# [About this task]
In the entries below, find the line with "2018.7.22-2018.8.19直播平臺開播數(shù)30日總觀看人氣排名 Top 10" and the line with "Stay cool under"; copy them and every line between them exactly, but not the pictures.

# [Provided data]
=== Section Start ===
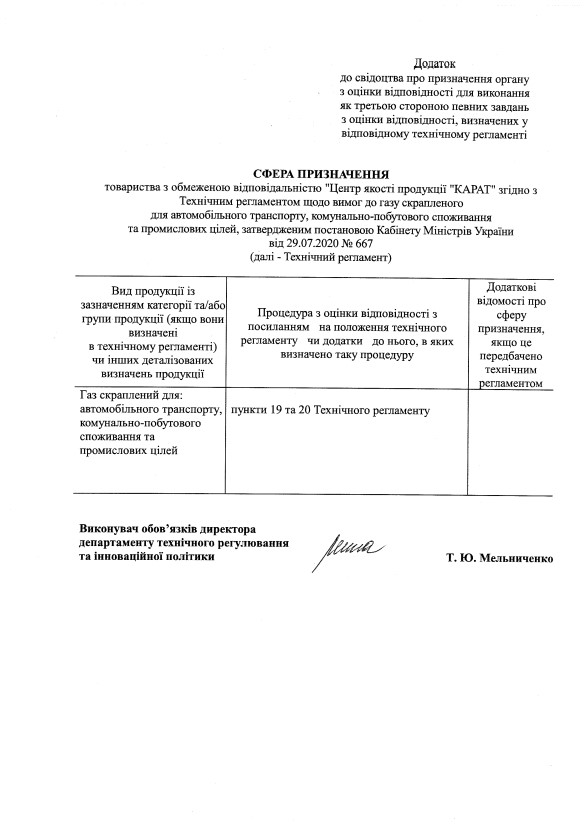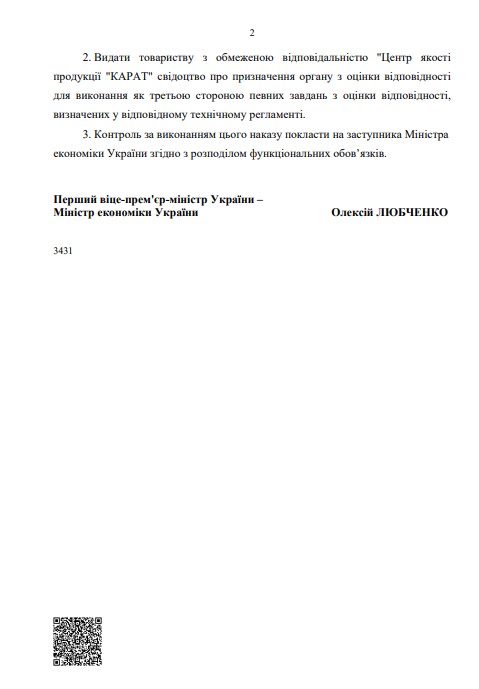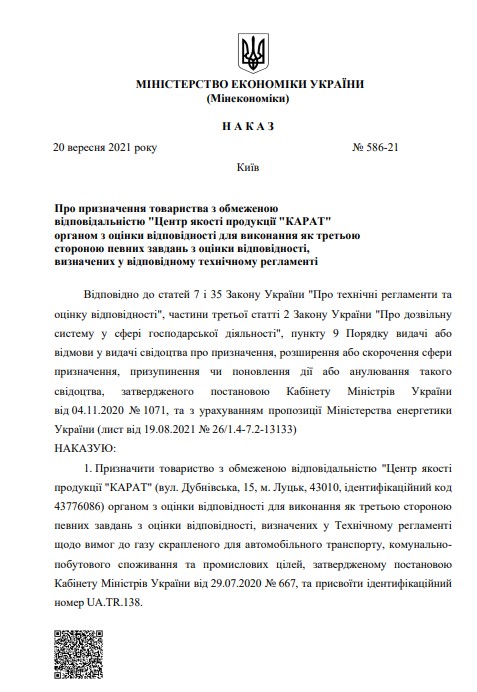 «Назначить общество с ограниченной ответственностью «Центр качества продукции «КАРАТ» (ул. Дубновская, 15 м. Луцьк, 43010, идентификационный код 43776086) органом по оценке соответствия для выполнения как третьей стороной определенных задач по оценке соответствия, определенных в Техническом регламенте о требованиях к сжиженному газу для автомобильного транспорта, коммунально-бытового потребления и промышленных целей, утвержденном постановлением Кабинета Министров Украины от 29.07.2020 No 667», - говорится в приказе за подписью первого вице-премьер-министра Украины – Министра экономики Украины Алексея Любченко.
=== Section End ===
=== Section Start ===
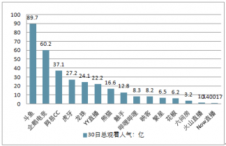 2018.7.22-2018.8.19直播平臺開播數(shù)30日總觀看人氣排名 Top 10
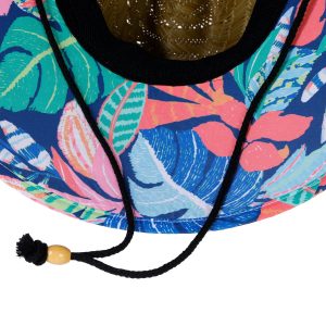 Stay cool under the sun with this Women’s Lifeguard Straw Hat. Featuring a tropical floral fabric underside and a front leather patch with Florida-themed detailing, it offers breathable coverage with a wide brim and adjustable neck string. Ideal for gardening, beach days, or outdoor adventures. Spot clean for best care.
=== Section End ===
# [Reply]
 2018.7.22-2018.8.19直播平臺開播數(shù)30日總觀看人氣排名 Top 10
 Stay cool under the sun with this Women’s Lifeguard Straw Hat. Featuring a tropical floral fabric underside and a front leather patch with Florida-themed detailing, it offers breathable coverage with a wide brim and adjustable neck string. Ideal for gardening, beach days, or outdoor adventures. Spot clean for best care.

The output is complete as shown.